Out-of-State Fee Challenged

Chemical Waste Management, which operates the country's largest hazardous waste facility in Emelle, Ala., is challenging a 1990 state law that imposes a $72-perton fee on waste generated out of state but disposed within alabama's borders. The fee is in addition to a base levy of $26.50 per ton imposed on all waste disposed at Alabama facilities.

Because the $72-per-ton fee applies only to wastes produced out of state, Chemical Waste Management argues, the fee is unconstitutional.

The firm alleges that the fee violates the Constitution's commerce clause, which delegates to Congress sole authority to regulate interstate trade. The Supreme Court has long interpreted the clause to mean states cannot erect barriers, such as discriminatroy taxes, to the free flow of goods and services across state lines.

Alabama officials concede the $72 charge discriminates against out-of-state waste but insist the levy is "not simple economic protectionism." Gov. Guy Hunt, in legal briefs recently submitted to the Supreme Court, said the levy is "a legitimate measure to protect public safety, health, and the environment."

Gov. Hunt cited several recent Supreme Court precedents to bolster his view, including the court's ruling in a 1988 case, New Energy Co. v. Limbach. In that case, the court said states "may validate a statute that discriminates against interstate commerce by showing that it advances a legitimate local purpose that cannot be adequately served by reasonable nondiscriminatory alternatives."

But Chemical Waste Management lawyers countered that the Supreme Court imposes a high burden on states in proving they have a good reason to impose discriminatory fees and taxes. For example, in Hughes v. Oklahaoma, a 1979 case, the court said such levies must be subjected to "the strictest scrutiny" to ascertain legitimate local purposes and "the absence of non-discriminatory motives."

In one landmark case involving the volatile issue of hazardous waste disposal, the court in 1978 ruled in the City of Philadelphia v. New Jersey that New Jersey could not bar disposal of out-of-state wastes within its borders while at the same time permitting disposal of in-state wastes.

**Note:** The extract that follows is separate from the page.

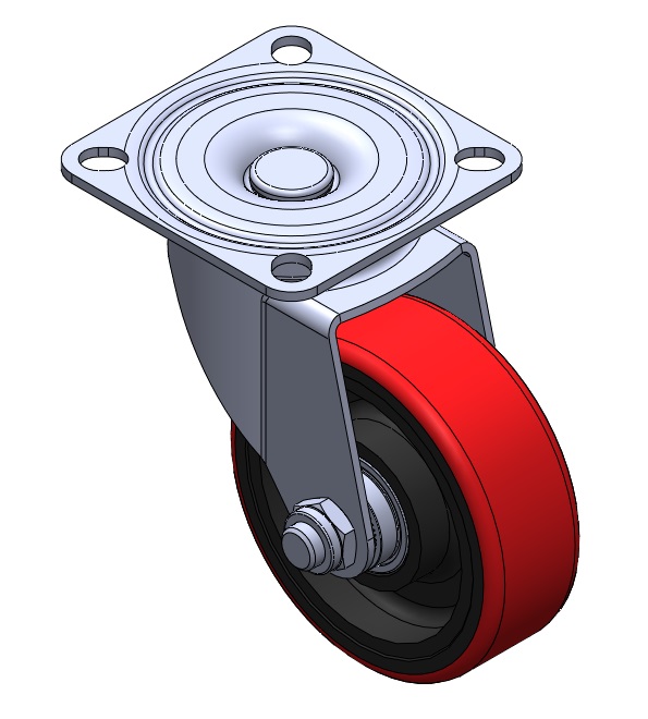 | 活動式腳輪,底板鉚合沖壓腳架 表面振動,底板式安裝裝置 鑄鐵製輪芯,高品質聚氨酯輪面 紅色,輪子軸承—精密滾珠。 |

The court in that case said the commerce clause does not allow states to discriminate "against articles of commerce coming from outside the state unless there is some reason, apart from their origin, to treat them differently." Concluding that there was no reason to distinguish between out-of-state and instate wastes, the court found the law "clearly impermissible under the commerce clause."

Other High Court Action

In other action yesterday, the Supreme Court let stand a federal appeals court ruling shielding a municipally owned cable television service from antitrust lawsuits.

The case, Paragould Cablevision Inc. v. City of Paragould, Ark., arose when city voters in 1986 authorized the Paragould Light and Water Commission to set up a municipally owned cable television system to compete with Cablevision.

In 1989, voters approved the issuance of $3.2 million of general obligation bonds to finance construction of the new cable provider. The bonds are secured by revenues from the cable operation and, if necessary, by tax increases.

Cablevision argues that city officials threatened a tax increase to pay off the bonds if the new city-owned cable provider did not gain at least 60% of the city cable market. According to Cablevision, those threats, among other things, constituted predatory and anticompetitive behavior inconsistent with federal law.

A federal appeals court sided with the city, and the U.S. Court of Appeals for the Eighth Circuit affirmed the lower court ruling.

Earlier this year, the Supreme Court in City of Columbia, S.C., v. Omni Outdoor Advertising Inc. said municipalities generally are shielded from suits stemming from federal antitrust law. However, the court said "this immunity does not necessarily obtain where the state acts not in a regulatory capacity but as a commercial participant in a given market."